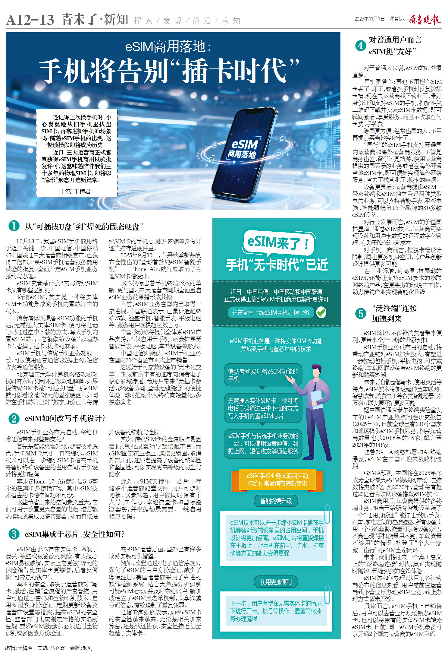 我们熟知的实体手机卡叫SIM卡,而eSIM即嵌入式SIM卡,是一种新型的SIM卡形式。它直接集成在手机芯片上,无需再插入实体SIM卡。北京理工大学计算机网络攻防对抗研究所所长闫怀志形象地解释:“如果说传统SIM卡是‘可插拔U盘’,那eSIM就可以看成是‘焊死的固态硬盘’。”eSIM如同焊在手机芯片里的“数字身份证”,将传统SIM卡的手机号、账户密钥等身份凭证直接存进硬件里。
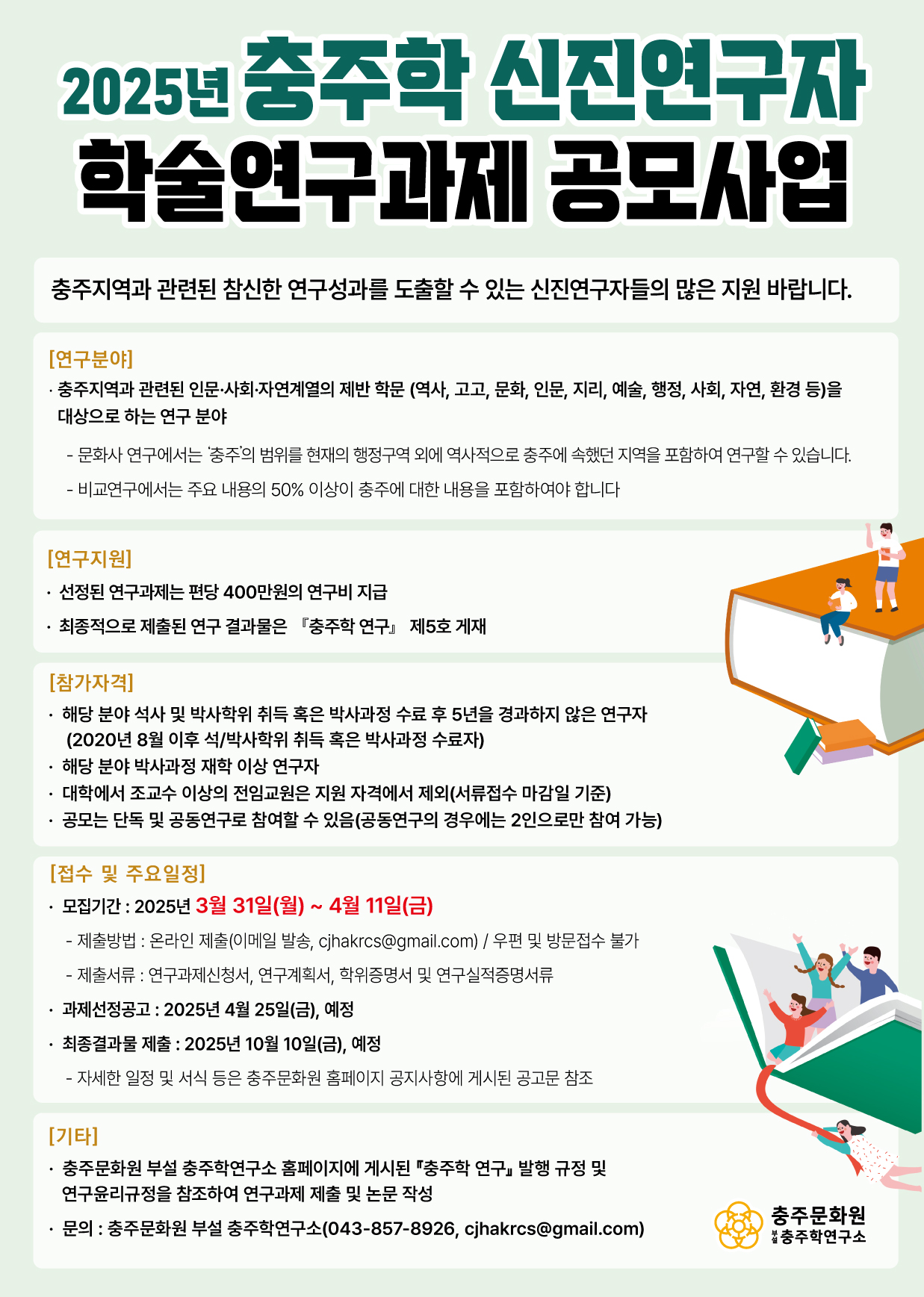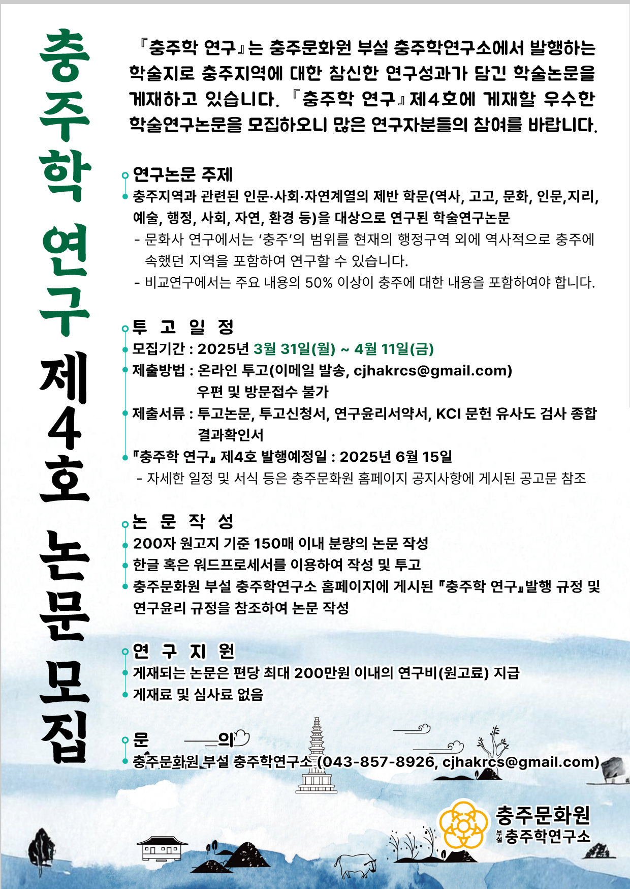- 지원방법 : 온라인 접수(이메일 발송, cjhakrcs@gmail.com), 메일 제목에 [2025 충주학 신진연구자 학술연구과제 신청] 글머리 기재
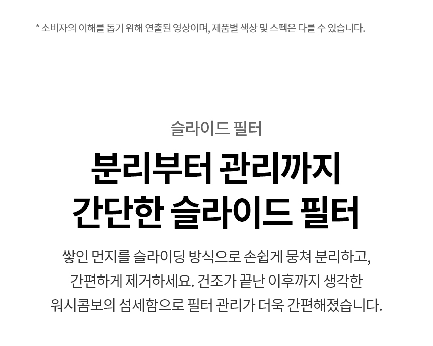 | 크기 | 워시콤보: 가로 700 x 세로 830 x 높이 990mm, 무게 112kg 미니워시: 가로 700 x 세로 770 x 높이 360mm, 무게 48kg |
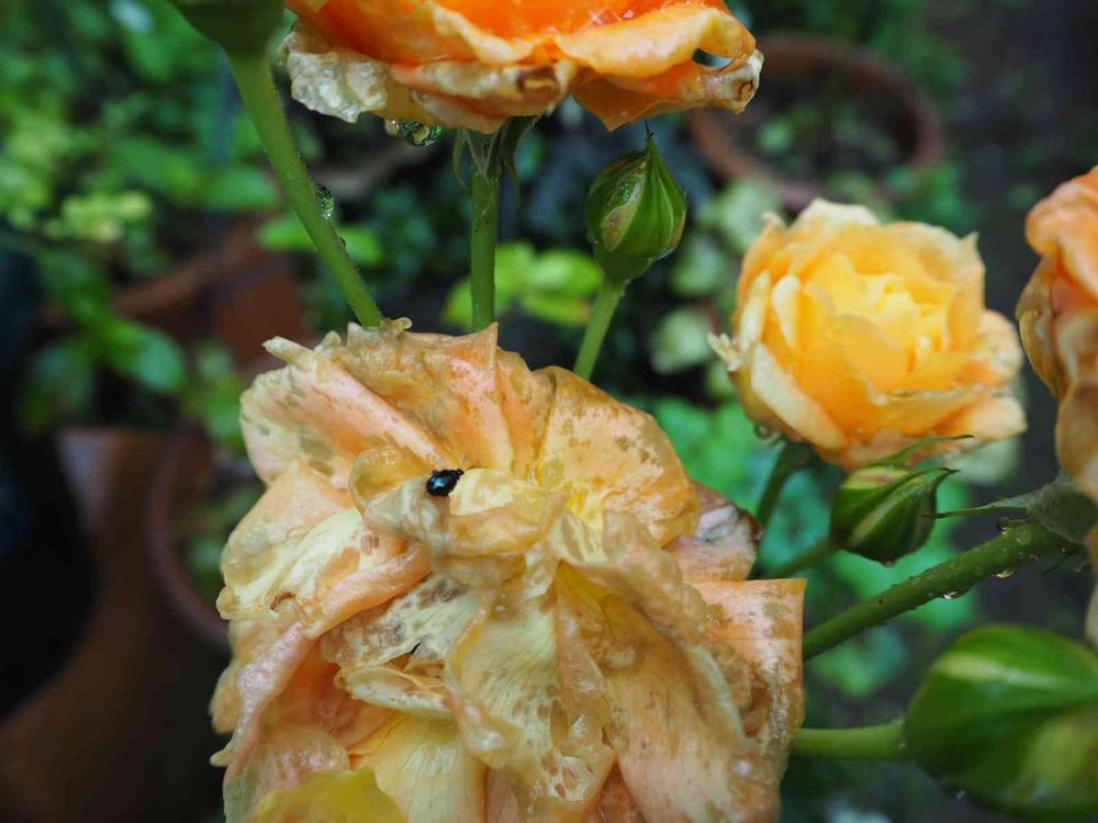 ん?手前のずんだれた薔薇にいるのは、GSの睡蓮師匠を苦しめるルリマルノミハムシなのでは…?

● **Aim of the exercise**: Leaving aside every picture, transcribe exactly the lines that run from the one with "- 지원방법 : 온라인" to the close of the listing above.

● **Result of this task**:
- 지원방법 : 온라인 접수(이메일 발송, cjhakrcs@gmail.com), 메일 제목에 [2025 충주학 신진연구자 학술연구과제 신청] 글머리 기재
 | 크기 | 워시콤보: 가로 700 x 세로 830 x 높이 990mm, 무게 112kg 미니워시: 가로 700 x 세로 770 x 높이 360mm, 무게 48kg |
 ん?手前のずんだれた薔薇にいるのは、GSの睡蓮師匠を苦しめるルリマルノミハムシなのでは…?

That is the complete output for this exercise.